Before you can find and identify key articles—the publications at the center of important debates—you will need to survey what the people in various disciplines do, what they study, and their chief methods of inquiry. These sources should help you get started:

  • Very Short Introductions offer concise and original introductions to a wide range of subjects across most disciplines.
  • HOLLIS is Harvard Library's primary research tool.
    • Use the filters to narrow your search to:
      • peer-reviewed articles.
      • your field/discipline of choice
      • recent years
    • Assess how substantial the debate seems to be. Are there just a few articles on the topic/question or a lot? 
    • Assess whether those discussing the topic/question are really in the field you’re addressing. 
      • Does the title of the journal suggest it is the field/discipline you’ve chosen?
    • What can you find about the author’s/authors’ credentials? Are they actually in the field/discipline you’ve chosen or some other? Are there relatively recent articles (is the debate still going on)?

Consult Overviews.

Background sources like dictionaries, encyclopedias, and bibliographies, summarize the key areas of inquiry that occupy scholars in a given domain of study. They outline the central preoccupations within the field and point to the boundaries of its frontiers. Often called "reference works," these resources are a good first stop along your research journey to get your bearings. They offer overviews, authored by experts, that highlight key publications. Be sure not to skip them!

  • Oxford Bibliographies
    Provides faculty and students alike with a seamless pathway to the most accurate and reliable resources for a variety of academic topics. Written and reviewed by academic experts, every article in the database is an authoritative guide to the current scholarship, containing original commentary and annotations. Offers a rapidly expanding range of subject areas, including education, psychology, and sociology, among others.
  • Oxford Reference
    Contains dictionary, language reference, and subject reference works published by Oxford University Press. It is a fully-indexed, cross-searchable database of these reference books. A broad subject range of titles from the Oxford Companions Series is available, as well as The Oxford Encyclopedia of Educational Psychology. Search by keyword.

Search Article Indexes

The article you select is likely to be indexed in library research databases. The following databases index the scholarly journal literature in a range of fields, often providing full-text access to research articles.

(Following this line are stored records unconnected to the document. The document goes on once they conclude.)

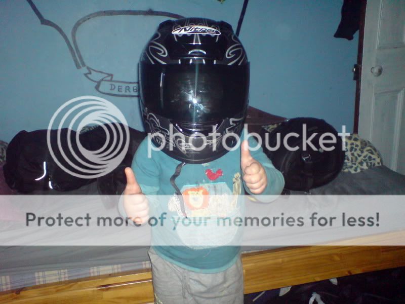 Josh oftern walks around in my old lid, sometimes the boots aswell. He loves bikes.
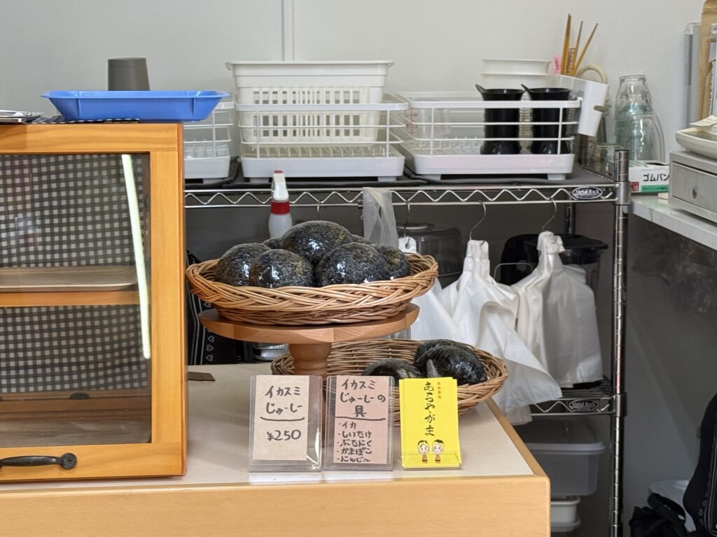 お子さま連れや年配の方でも利用しやすく、ひとりでも、家族でも入りやすいのが魅力です。入口付近には手作り感のあるおにぎりやイカスミ系メニューが並ぶこともあり、つい目を引かれます。
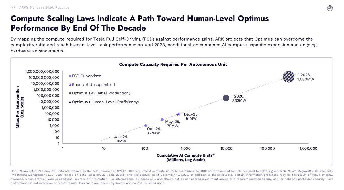 CATHIE WOOD CALLS OPTIMUS HUMAN-LEVEL BY 2028 ON 1GW COMPUTE SURGE ARK Invest's 2026 robotics deep dive just laid out a bold timeline: Tesla Optimus reaching human-level task proficiency around 2028, riding a sustained AI compute explosion to 1.08 gigawatts....
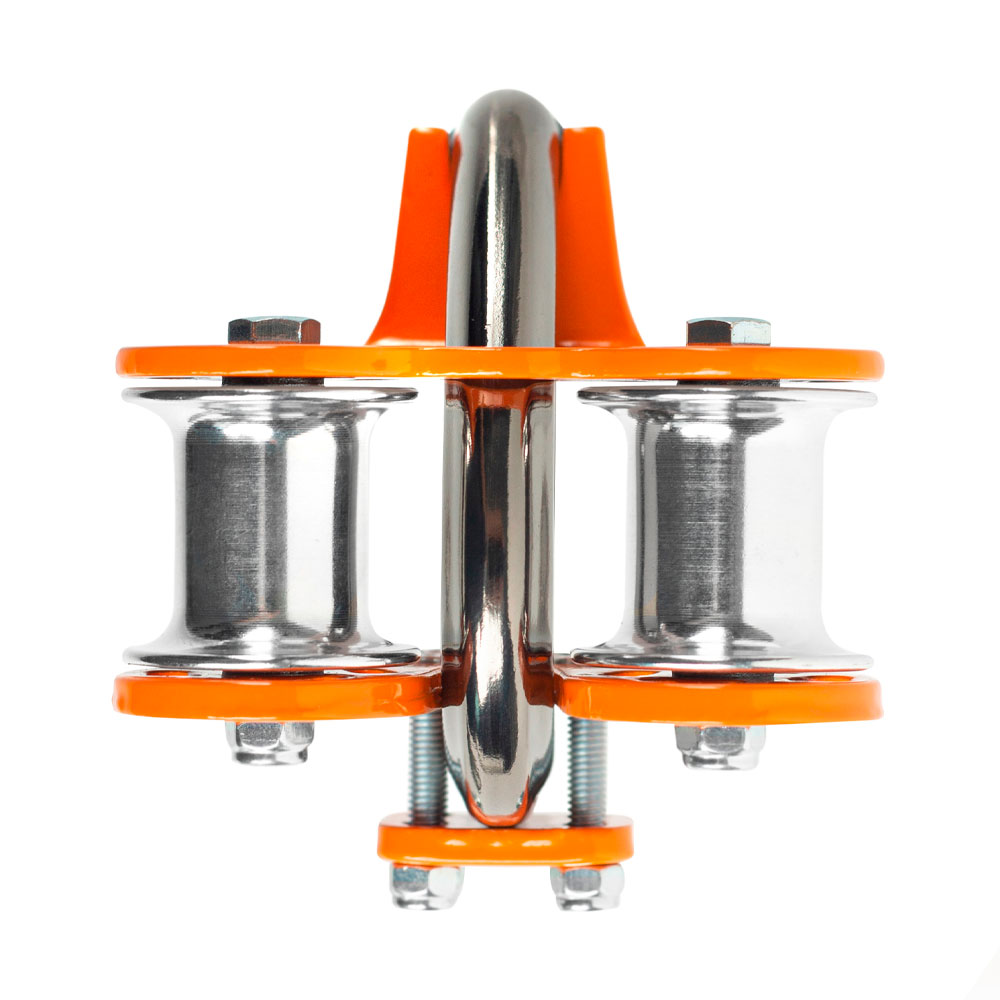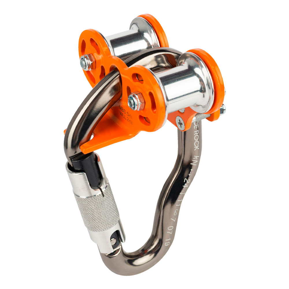 В конструкции блок-ролика используется прочный алюминиевый сплав, обеспечивающий малый вес и высокую устойчивость к нагрузкам. Подшипник качения гарантирует плавность и легкость работы с веревками, снижая износ и облегчая перемещение грузов или человека.
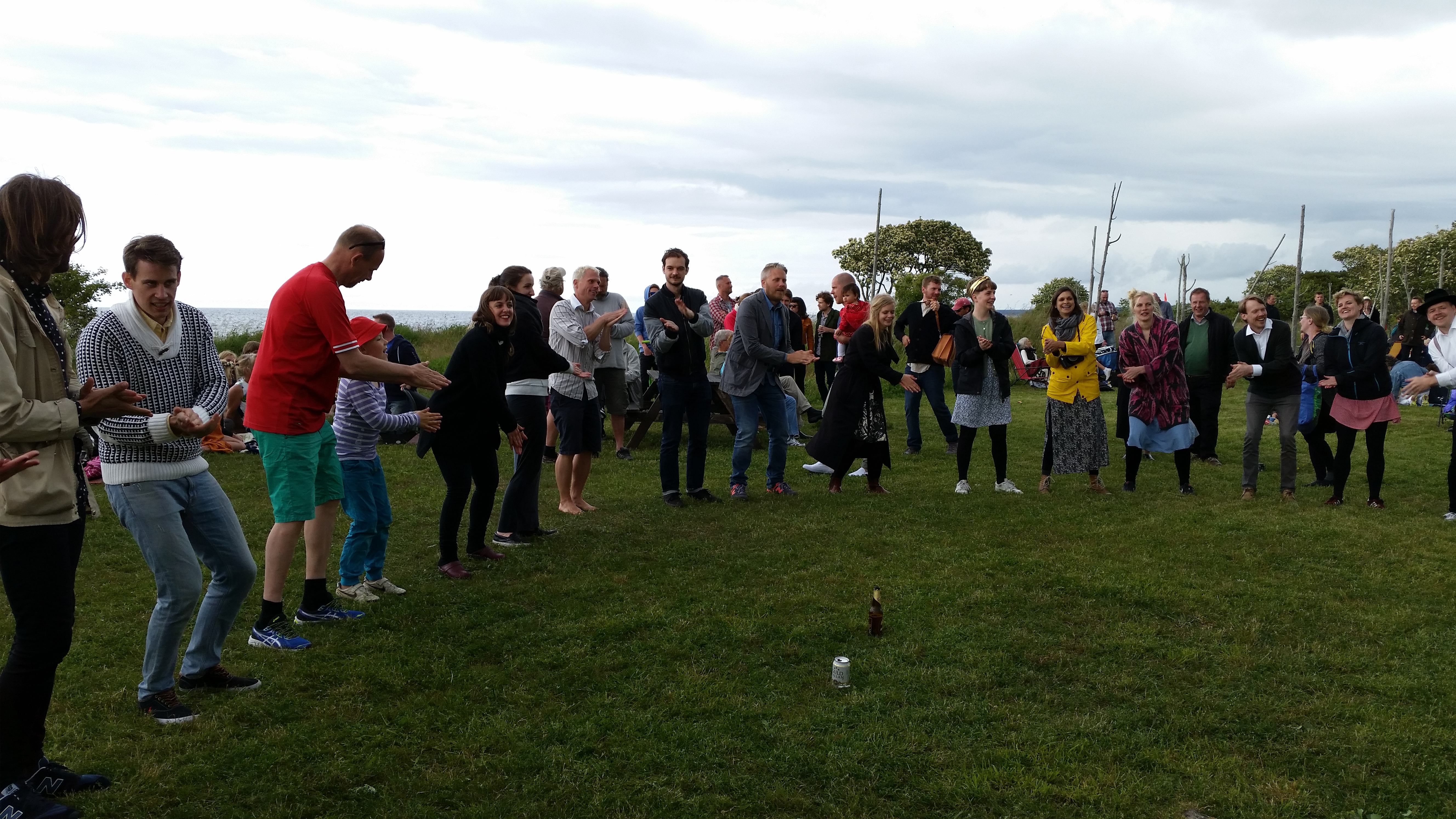 Så snart midsommarstången kommit på plats var det dags för ringlekar. Spelmännen Lars Ireblad, Jens Ringqvist och Leif Svensson spelade upp till dans och många både barn och vuxna tyckte det var ett bra tillfälle att värma upp sig med ”små grodorna” och andra traditionelle ringlekar. Säkert bidrog det lite kyliga vädret till att ringen kring stången blev så stor så att garngårdens bredd knappt räckte till för alla dansande.
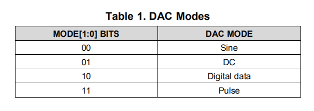 DAC1282有四种工作模式:正弦、直流、脉冲和外部数字数据输入。这些模式由GANMOD寄存器中的MODE[1:0]位进行编程,如表1所示。
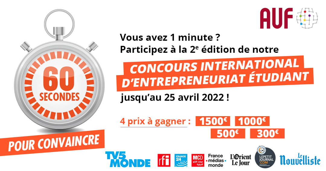 L’AUF lance, avec ses partenaires TV5MONDE, France Médias Monde (RFI, France 24, Monte Carlo Doualiya), L’Orient-Le Jour (Liban), ainsi que deux nouveaux partenaires, Le Petit Journal (Roumanie) et Le Nouvelliste (Haïti), la seconde édition du concours international « 60 secondes pour convaincre ». Il s'agit de présenter son projet en 60 secondes chrono en format vidéo. A la clé, quatre prix d'une valeur de 1 500 euros à 300 euros et la mise en relation des lauréat.e.s avec des mentors et des incubateurs. L'appel à candidatures est ouvert jusqu'au 25 avril 2022.
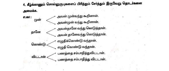 4.கீழ்க்காணும் சொல்லுருபுகளைப் பிரித்தும் சேர்த்தும் இருவேறு தொடர்களை அமைக்க

  • Academic Search Premier
    A multidisciplinary database covering many fields of study, from anthropology to history, to education and women's studies; its breadth is helpful when you're not sure who is tracking a topic you'd like to explore (or the kinds of questions researchers tend to ask in a range of academic disciplines). It offers an assortment of articles - some scholarly, some not.
  • Social Science Premium
    An index and full text database in the social sciences, including politics, sociology, and education.

Discover articles that respond to and debate your key source.

Once you have found an article that you believe is central to an academic debate of interest to you, you can track the scholarship that emanated from it. Citation analysis is a key strategy for evaluating the relative importance of a publication. The following databases facilitate this process.

  • Web of Science 
    A multidisciplinary database that allows you to search across nearly 10,000 widely read and often cited academic journals and magazines. Coverage is particularly strong in science related fields, including psychology. Use the CITED REFERENCES search tab therein to find how many times a paper has been cited and by whom. Tip: Use the sorting feature to prioritize the most highly cited articles among those that cited the original  article.
  • Google Scholar
    Because it lists citation counts, use Google Scholar (with Harvard Library settings) to supplement your cited reference searches in Web of Science, above. Note that citation counts in Google Scholar tend to be inflated due to duplication.

In-Class Activity

In separate browser tabs, look up the following article (see citation) in each of these databases: (1) Web of Science Core Collection, (2) Google Scholar. Examine and explore the results. Then answer the questions below.

Citation:

Yeager, D. S., Dweck, C. S., & Kazak, A. E. (2020). What Can Be Learned From Growth Mindset Controversies? The American Psychologist75(9), 1269–1284. https://doi.org/10.1037/amp0000794

Questions:

  1. How many times has this article been cited according to Google Scholar?
  2. How many times has this article been cited according to Web of Science?
  3. Why do you surmise there are differences in the number of citing articles presented?
  4. How does the way each tool presents results (e.g., sorting options, ability to navigate among cited and citing articles) differ?